Last call to be a ‘bloggers’ circle’ pioneer

July 17, 2009 by
Filed under: The RSA 

Monday sees the launch of ‘bloggers’ circle’. This was an idea first developed by my old chum Matt Cain following up comments on this site. The RSA has given a small amount of money for the limited start up costs.

Bloggers’ circle is inspired by three reflections on the blogosphere:

• There are too many writers chasing too few readers. Most bloggers have only their own site as a platform. This means it is hard for them to compete with bloggers who have a mass media outlet, like a national newspaper or broadcaster.  ‘Amateur’ bloggers need to collaborate to provide each other with a platform for their content.

• Bloggers are day to day scribblers but, like any writer, there are times when they feel they have hit the spot – a post that really deserves to be more widely read and discussed. But what can a blogger do to get these posts through to a wider audience than usual?

• Bloggers come in all shapes and sizes and with a million and one perspectives on the world. But blogging isn’t just self indulgent rambling. It is a particular form of expression with its own conventions and qualities. To promote their art, bloggers should be able to put aside differences of opinion and recognise what makes a great blog post.

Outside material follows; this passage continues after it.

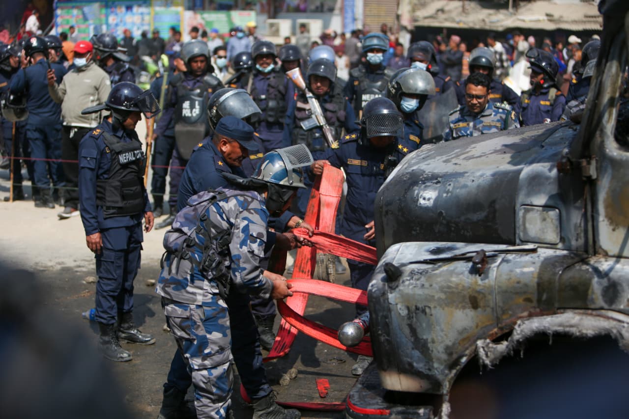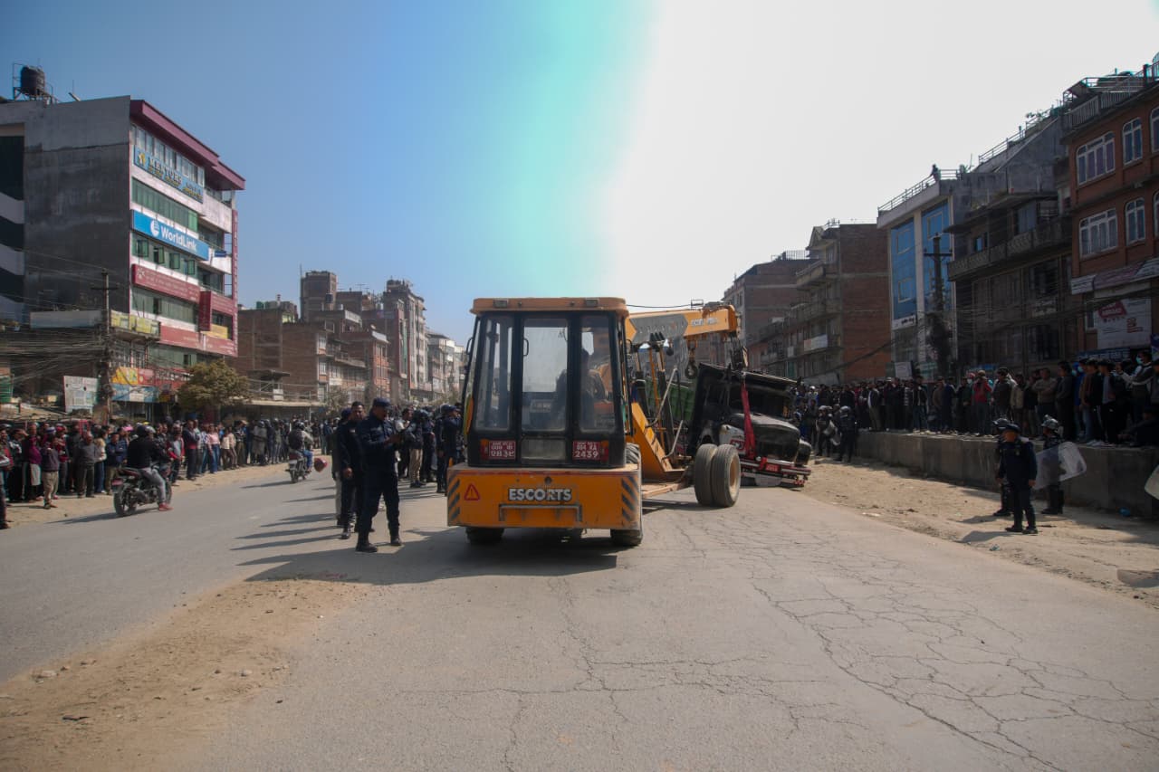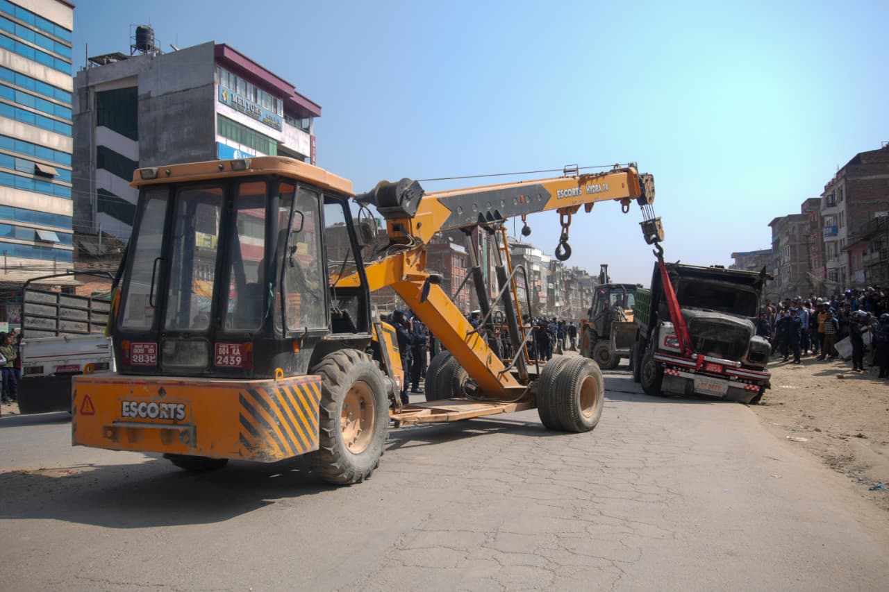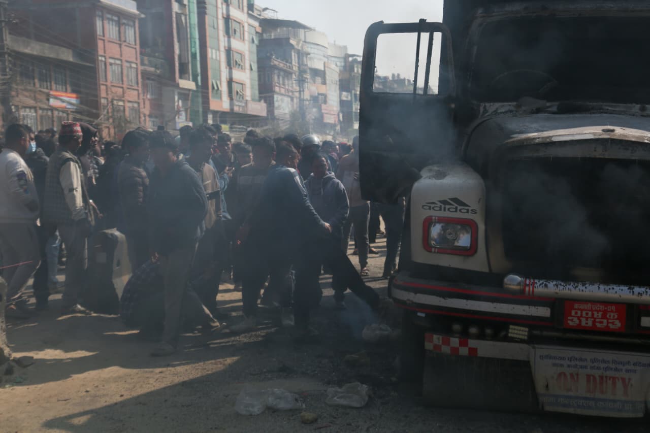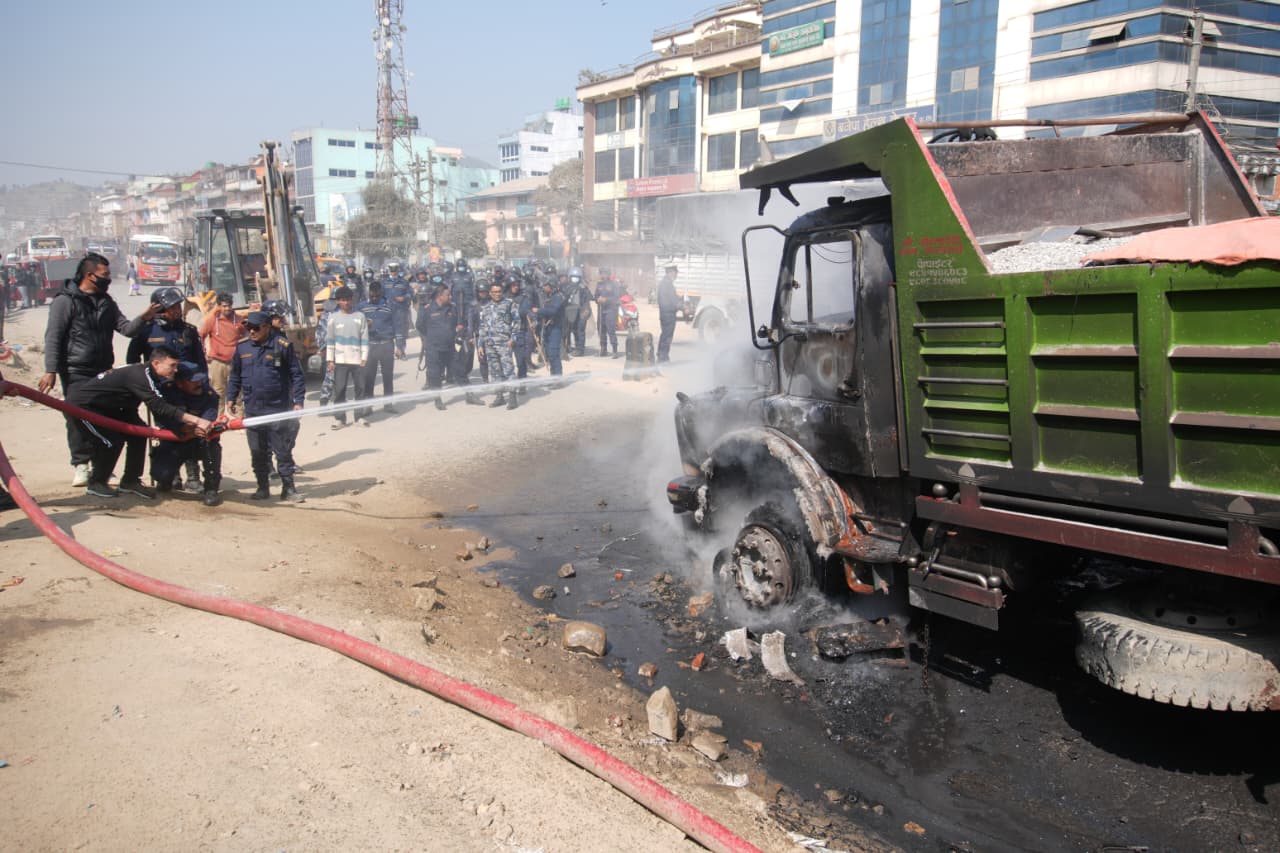 स्कुटरलाई ठक्कर दिने टिपरमा स्थानीय बासिन्दाले आगो लगाएका छन्। आगजनीको कारण यहाँको अवस्था केहीबेर तनावग्रस्त बनेको थियो।

Bloggers’ circle is a way to develop and celebrate the art of the great post.

The collaborative rules of bloggers’ circle involve members submitting up to five posts a month which they think deserve wider consumption. In return members are required at least twice a month to mention and link to one of the posts recommended by their peers. To provide an extra incentive there will be a post of the month for the most cross referenced post, and there is even a cash prize for the first month.

Matt has an initial group of thirty or so bloggers signed up, including yours truly, but I know he would welcome other people. At this first stage, the task of the circle members is to make it work. Like most web-based innovations the idea is bound to metamorphose into something slightly, or even radically, different to the vision of its initial architects.

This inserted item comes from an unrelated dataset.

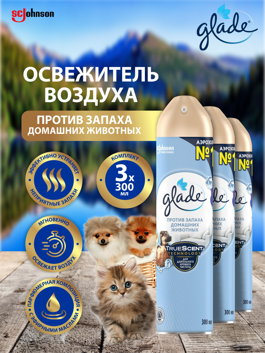 Купить Glade Освежитель воздуха Против запаха домашних животных, 300 мл - 3 шт

We are starting small and maybe we won’t succeed but it’s always worth having a dream. Imagine if there were hundreds or even thousands of amateur bloggers signed up so that the best content we produce gained the kind of impact and recognition that is now generally restricted to professional journalists. Also think about what impact this could have in promoting those parts of the blogosphere which are collaborative, respectful and creative.



  • Sandy Trickett

    Hi Matthew,

    I am new to this, a new Fellow and a disabled member of society. I have only just seen this bloggers call and do not yet have a blog, but I will by tomorrow night!! I hope that will not be too late for me to join the circle. My theme will be my daily trials, tribulations and small successes as a disabled member of this global community and the physical one out there!!! Much more difficult to negotiate and deal with. I hope it will interest people and give them an insight into the world from two wheels instead of two legs, certainly the oxygen is not so thin down here!! I do feel that that at present there is a gap in the market, if you like, in the voice of people such as me and I hope that I can help fill that gap and enhance readers embracement and understanding of my world and the people I traverse in that world, the good, the bad and the indifferent !!

    • matthewtaylor

      Hi Sandy

      Thanks for this

      I am sure if you e-mail Bloggers Circle Matt Cain who manages it can explain how to join

  • David Wilcox

    Not sure if I’m in the circle or not … but it is a great idea, and underpinned by this article from Michael Gilbert. In it he argues that the blogs of nonprofit CEOs should be seen as a relationship-building tool, not just a publication. Building connections through a circle, and outwards from there, is a great way to do that.
    One thing at a time – but it could also work very well within the emerging RSA online networks as well as outside. Ask people to blog on their networks, encouraged at first by posts from Matthew, and then by each other. Great demonstration of leadership 2.0.